The EPF’s total investment income for the second quarter (2Q2023) was RM18.03 billion, up RM9.05 billion from RM8.98 billion recorded for the same quarter last year.
KUALA LUMPUR (Aug 15): The Employees Provident Fund (EPF) recorded total investment income of RM33.19 billion for the first half of the year ended June 30, 2023 (1H2023), up RM9.44 billion or 39.7% from the RM23.75 billion recorded for the corresponding period in 2022.
In a statement on Tuesday (Aug 15), the retirement fund said the amount was arrived at after netting off listed equity write-downs recorded for the period under review.
It said out of the RM33.19 billion total investment income, RM4.79 billion was generated from mark-to-market (MTM) gains in securities that had not been realised.
The MTM gains were mainly due to fluctuations in foreign exchange rates.
The EPF’s total investment income for the second quarter (2Q2023) was RM18.03 billion, up RM9.05 billion from RM8.98 billion recorded for the same quarter last year.
Equity investments continued to be the main contributor of income in 2Q2023 at RM9.60 billion.
In comparison, the asset class generated RM4.07 billion in income during the corresponding quarter in 2022.
The EPF said a significant portion of the improvement was due to proactive and timely realisation of profits, supported by the MTM gains in securities.
After taking into account the write-downs, these numbers accounted for 53% of total investment income for the quarter.
Due to active portfolio management by the EPF’s fund managers, write-downs for 2Q2023 were minimal at RM350 million, compared with the RM2.15 billion recorded for the same quarter a year earlier. Cost write-downs are an internal policy adopted by the EPF for its listed equity investments as a prudent measure to ensure that its portfolios remain healthy.
EPF chief executive officer Datuk Seri Amir Hamzah Azizan said the performance of global equity markets in 1H2023 was positive, led by a run-up in developed markets, notably in the US, which continued to show resilience despite the rise in interest rates.
He said the EPF’s agility and adaptability in its investment strategy paved the way for the investment managers to take advantage and capitalise on the market rally, which contributed to the higher return on equity for the period.
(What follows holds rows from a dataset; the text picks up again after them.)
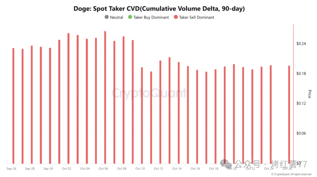 有两个数据能证明:一是显示,10 月份整个月,现货交易者的 “资金流向指标(CVD)” 一直是负的,说明卖的人比买的人多,抛压很强;二是 数据也显示,过去 30 天里,大部分时间都是卖单比买单多。
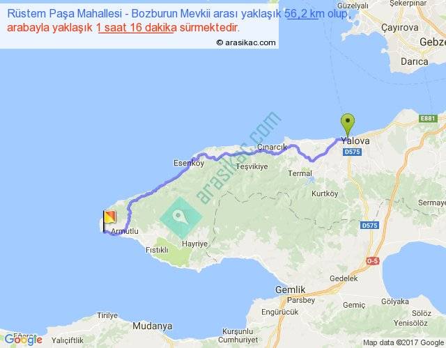 Rüstem Paşa Mahallesi - Bozburun Mevkii arası yaklaşık olarak 90 km/h ile yukarıda belirtilen sürede olup, iki yerin kuş uçuşu uzaklığı (mesafesi) 43'dir. Yolculuk otobüsle 1 saat 38 dakika sürmektedir.
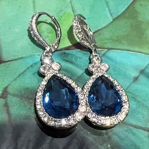 Stunning tear drop earrings with deep blue stones. Surrounded by shimmering crystals in a silver setting. Perfect touch of elegance.
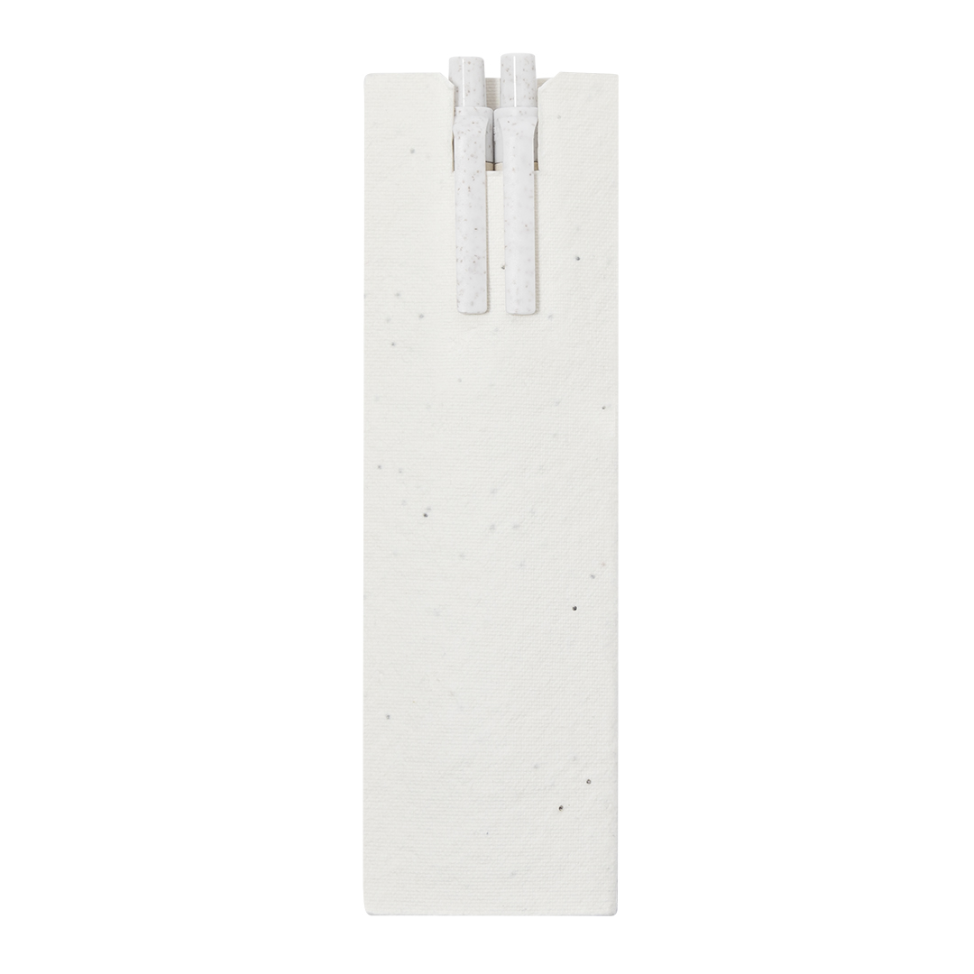 Set aus Kugelschreiber und ewigem Bleistift, hergestellt aus recycelten Milchkartons, präsentiert in einer Papiertasche mit Samen. Kugelschreiber mit blauer Tinte und Bleistift mit ewigem Ende, um so immer denselben Bleistift verwenden zu können und Abfall zu vermeiden, beide mit Druckmechanismus und passendem Clip aus Weizengras, mit geprägtem Zeichen. Mit dem Zeichen für recycelte Milchkartons am Körper. Die Tasche enthält Petuniensamen, wodurch sie am Ende ihrer Lebensdauer pflanzbares Papier wird. Enthält Anweisungen zum Pflanzen auf der Rückseite.Milchkartons bestehen größtenteils aus Karton und Aluminium. Während des Recyclingprozesses werden die verschiedenen Materialien der Verpackung getrennt, um sie wiederzuverwenden und neu zu nutzen, und tragen somit zur unendlichen Reise der Kreislaufwirtschaft bei. Dieses Material zeichnet sich durch seine hohe Recyclingfähigkeit, geringes Gewicht und Festigkeit aus.Weizengras fördert die Verwendung natürlicher Rohstoffe, wodurch die Schadstoffemissionen reduziert werden.

This was in contrast to the equity market performance seen in 1H2022, which saw several indices suffering significant declines, with most markets including the US posting their worst first-half performance in decades.
“For Malaysia, the 5.6% gross domestic product growth in 1Q2023 surpassed expectations, driven mainly by firm domestic demand and an improvement in the labour market.
“Resilient growth tempered tighter financial conditions, providing a floor for the domestic capital market,” he said.